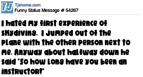 X I hated my first experience of skydiving. I jumped out of the plane with the other person next to me. Anyway about halfway down he said "So how long have you been an instructor?"
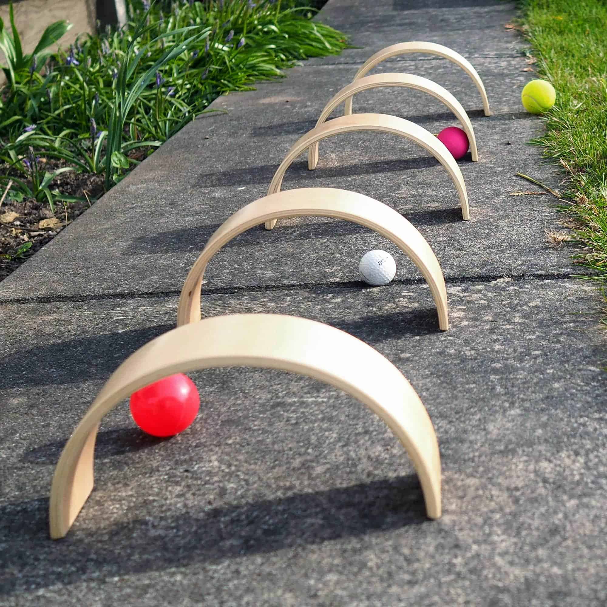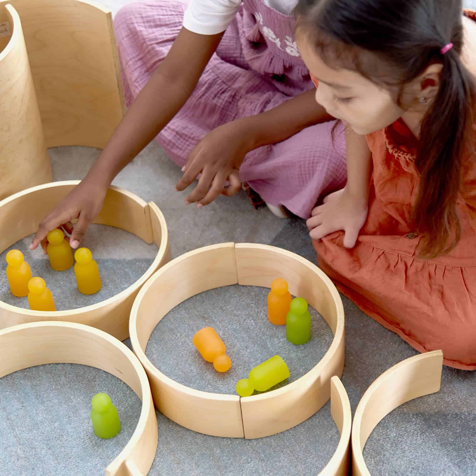 Nesten, stapeln, bauen: 10 Teile (2 Tunnel + 8 Bögen) aus Birkensperrholz, glatt geschliffen – ideal fürs Blockspiel/Unit Blocks. Robust, leicht zu reinigen. Ab 2+.
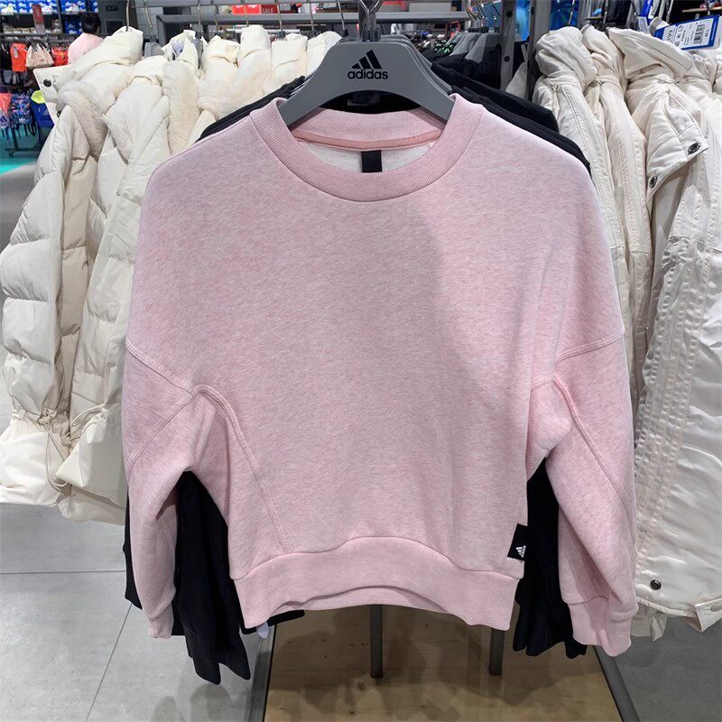 阿迪达斯女子针织棉涤内加绒保暖宽松蝙蝠袖圆领套头卫衣 HE4147

* **EXERCISE PROMPT**
If a picture falls within the lines from the one containing "Nesten, stapeln, bauen: 10" through the end of the material, leave it out while repeating those lines exactly.

* **FINAL ANSWER**
 Nesten, stapeln, bauen: 10 Teile (2 Tunnel + 8 Bögen) aus Birkensperrholz, glatt geschliffen – ideal fürs Blockspiel/Unit Blocks. Robust, leicht zu reinigen. Ab 2+.
 阿迪达斯女子针织棉涤内加绒保暖宽松蝙蝠袖圆领套头卫衣 HE4147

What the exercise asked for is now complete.